PROVIDED DATA -
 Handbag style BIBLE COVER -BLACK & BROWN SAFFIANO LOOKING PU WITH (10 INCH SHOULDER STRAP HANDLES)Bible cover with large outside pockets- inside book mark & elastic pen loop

...

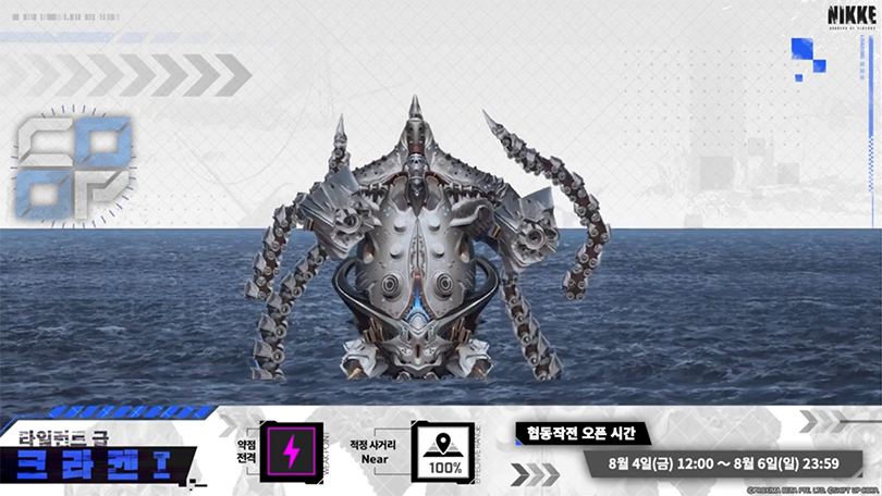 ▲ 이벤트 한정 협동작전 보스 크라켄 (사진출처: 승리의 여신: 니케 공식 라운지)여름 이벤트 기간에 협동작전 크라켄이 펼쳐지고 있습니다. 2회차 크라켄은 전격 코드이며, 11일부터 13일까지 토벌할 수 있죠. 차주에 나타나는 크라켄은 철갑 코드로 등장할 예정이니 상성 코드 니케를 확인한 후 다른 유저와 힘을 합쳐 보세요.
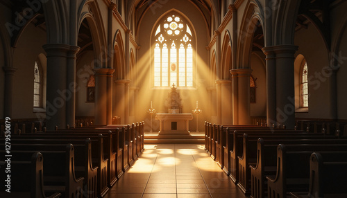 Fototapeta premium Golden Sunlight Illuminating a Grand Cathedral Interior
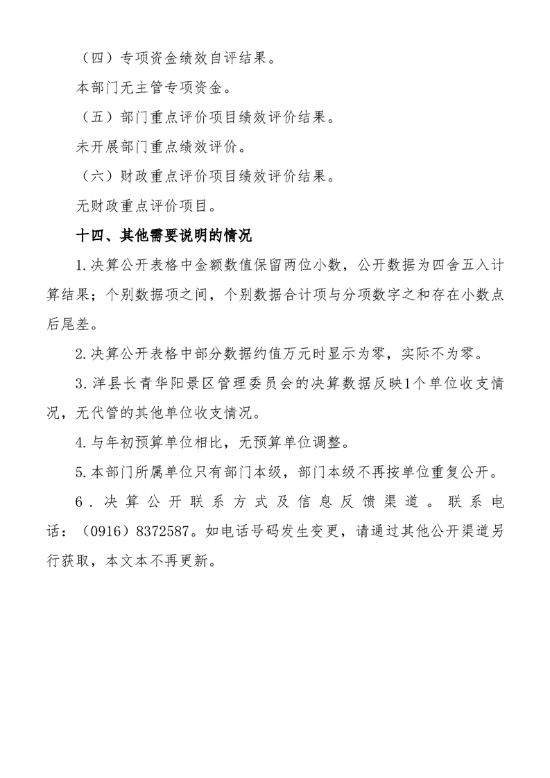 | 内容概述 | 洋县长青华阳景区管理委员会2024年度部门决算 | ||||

TASK - Could you repeat, exactly, only the lines above starting at the one that has "Fototapeta premium Golden" and stopping after the one that has "洋县长青华阳景区管理委员会2024年度部门决算 | ||||", without the pictures?

OUTPUT -
 Fototapeta premium Golden Sunlight Illuminating a Grand Cathedral Interior
 | 内容概述 | 洋县长青华阳景区管理委员会2024年度部门决算 | ||||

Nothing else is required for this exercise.